◆ DATASET CONTENT ◆
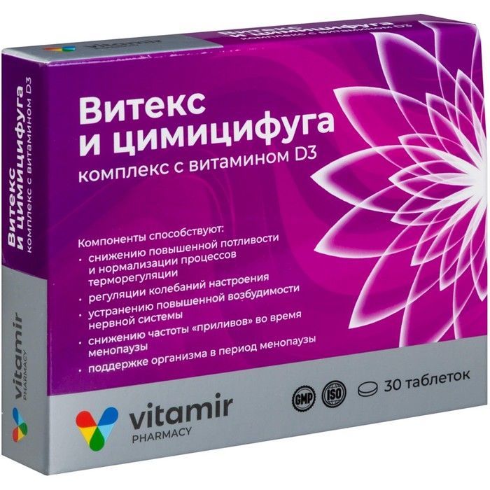 - ВИТЕКС И ЦИМИЦИФУГА КОМПЛЕКС С ВИТАМИНОМ D3 - Биологически активная добавка (БАД) к пище - Компоненты способствуют:
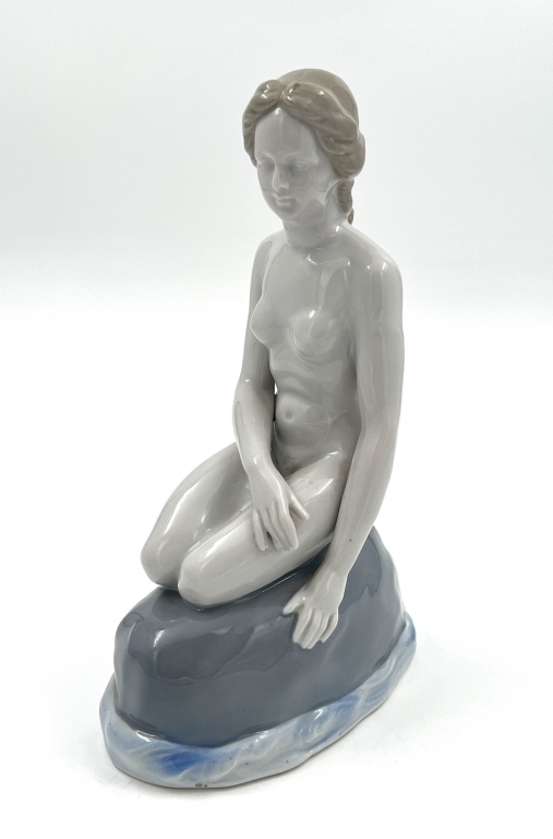Обнаженная на камне. Скульптура. Фарфор, роспись. Германия, Графенталь, середина ХХ в. Без сколов, трещин и реставрации.
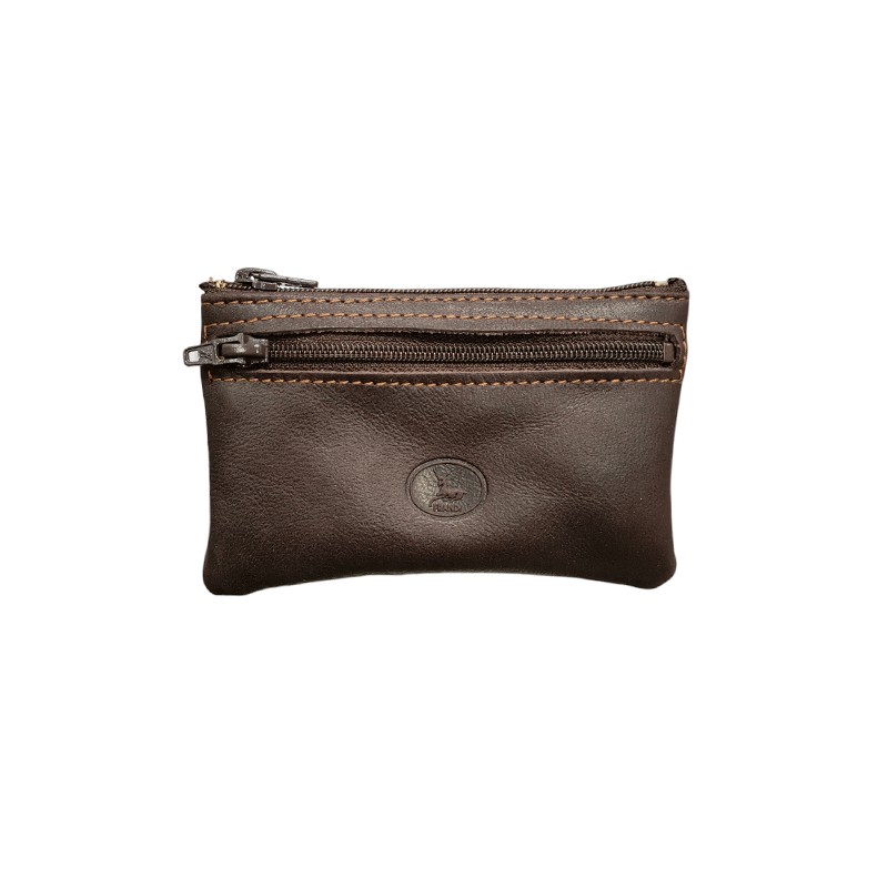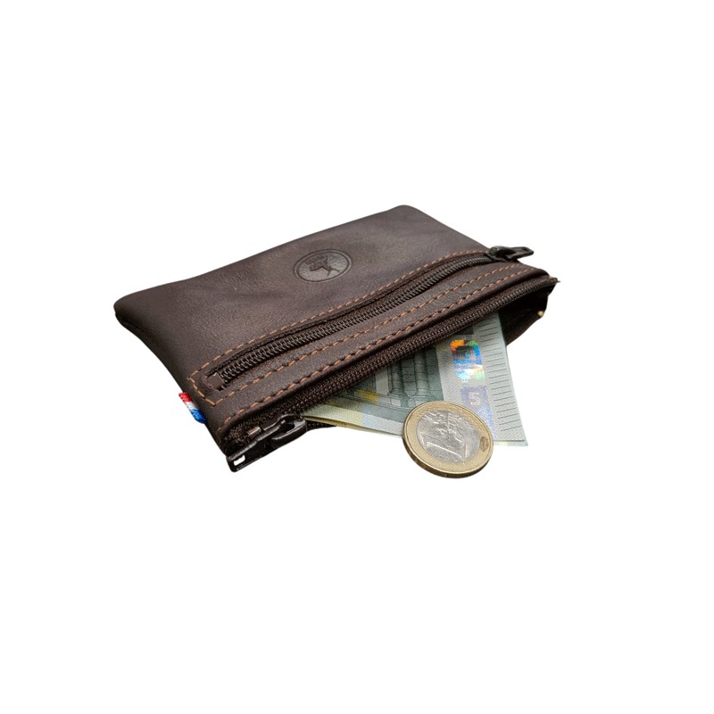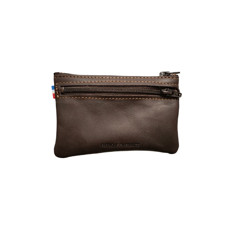 Ce porte pièces possède une ouverture zippée sur le dessus, vous trouverez également deux poches plates zippées sur chaque côté de ce modèle Frandi. D'un côté zippé une carte de crédit se glissera facilement, puis de l'autre côté zippé vos billets pliés trouveront place facilement .

◆ ABOUT THIS TASK ◆
Retype the data exactly; images stay out.

◆ REPLY TO THE TASK ◆
 - ВИТЕКС И ЦИМИЦИФУГА КОМПЛЕКС С ВИТАМИНОМ D3 - Биологически активная добавка (БАД) к пище - Компоненты способствуют:
Обнаженная на камне. Скульптура. Фарфор, роспись. Германия, Графенталь, середина ХХ в. Без сколов, трещин и реставрации.
 Ce porte pièces possède une ouverture zippée sur le dessus, vous trouverez également deux poches plates zippées sur chaque côté de ce modèle Frandi. D'un côté zippé une carte de crédit se glissera facilement, puis de l'autre côté zippé vos billets pliés trouveront place facilement .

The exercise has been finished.